エンジェル投資とは立ち上げ最初期の非公開企業に投資し、投資した以上のリターン(利益)をめざすことである。ほとんどのケースにおいてその期間は3年以内で、投資対象は誰も見向きしないような、クレイジーかつ実績のないビジネスである。というのも誰もが理解できるようなビジネスなら、そもそもエンジェル投資家は必要とされないからである。著者のような投資家が「エンジェル投資家」と呼ばれるのは、スタートアップ創業者のビジネスモデルを信じる者がひとりもおらず、絶体絶命となったまさにその時、天使のごとく救い出すことに由来する。
一般的な投資と比べると、エンジェル投資のリスクははるかに高い。おそらく世界でもっともリスクの高い投資だろう。しかしそのぶん見返りも大きい。しかも世界でもっとも創造的かつ高いモチベーションをもつ人々と働くチャンスも得られる。こうしたコネクションは何物にも代えがたいし、日々得られる学びも大きい。
たしかにたった1つのスタートアップだけにすべてを賭けるのは無謀の極みである。だがスタートアップ100社に賭ければ、トータルで見た成功確率は非常に高い。もはや賭けないのがバカらしくなるぐらいに。

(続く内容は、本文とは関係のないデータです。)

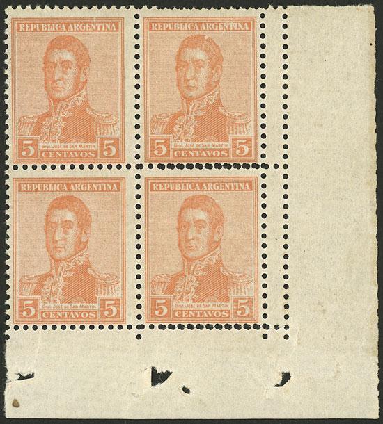 GJ.462, 1918 San Martín without watermark 5c., block of 4 with DOUBLE PERFORATION in right half, excellent! (Image)
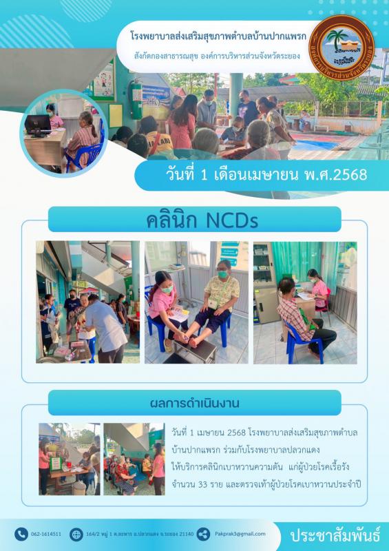 วันที่ 1 เมษายน 2568 รพ.สต.บ้านปากแพรก ร่วมกับ รพ.ปลวกแดง ให้บริการคลินิกเบาหวาน/ความดัน แก่ผู้ป่วยโรคเรื้อรัง จำนวน 33 ราย และตรวจเท้าผู้ป่วยโรคเบาหวานประจำปี 8 เมษายน 2568 451

エンジェル投資家になるためには(1)金、(2)時間、(3)人脈、(4)専門知識という4つの能力が求められる。(1)~(3)はいうに及ばず、創業者がミスを犯して時間や金をムダにするのを防ぐ意味でも(4)は重要である。
加えて人付き合いの能力も欠かせない。エンジェル投資を仕事にしていると、さまざまな人々とコーヒーを飲みながら話し合うことになる。しかもその話し相手は、まともな創業者だけではない。むしろ大半のリターンをもたらすのは、「頭がおかしい」「ひどいナルシスト」と呼ばれているような起業家の方だ。すぐれた起業家ほど自分のビジョンを追うことに一生懸命で、他人の感情などにはまったく注意を払わないものである。
エンジェル投資家としての最初の仕事は、揚げ足取りや後ろ向きの批評が得意な考えのスケールが小さい人間に、そういう起業家が邪魔されないよう盾になることだ。小さく考えてしまうと、人間は小さくなる。スタートアップの創業者であれば小さい成功を狙わず、ビッグな目標を追ってもらいたいというのが著者の考えだ。
ここ50年もの間シリコンバレーは、さまざまなビジネスを大きく変える震源地となってきた。世界で時価総額トップ5の企業のうち、3社がシリコンバレーにあることからもそれがわかる(残りの2社はシアトル)。アメリカのベンチャーキャピタル総額の30%が、サンフランシスコとシリコンバレーを含むベイエリア一帯で投資され、シリコンバレーへの投資額はいまやボストンやニューヨーク、ロサンゼルスにおける投資額の合計の2倍だ。そういう意味でベイエリアが「世界の中心」なのはまちがいない。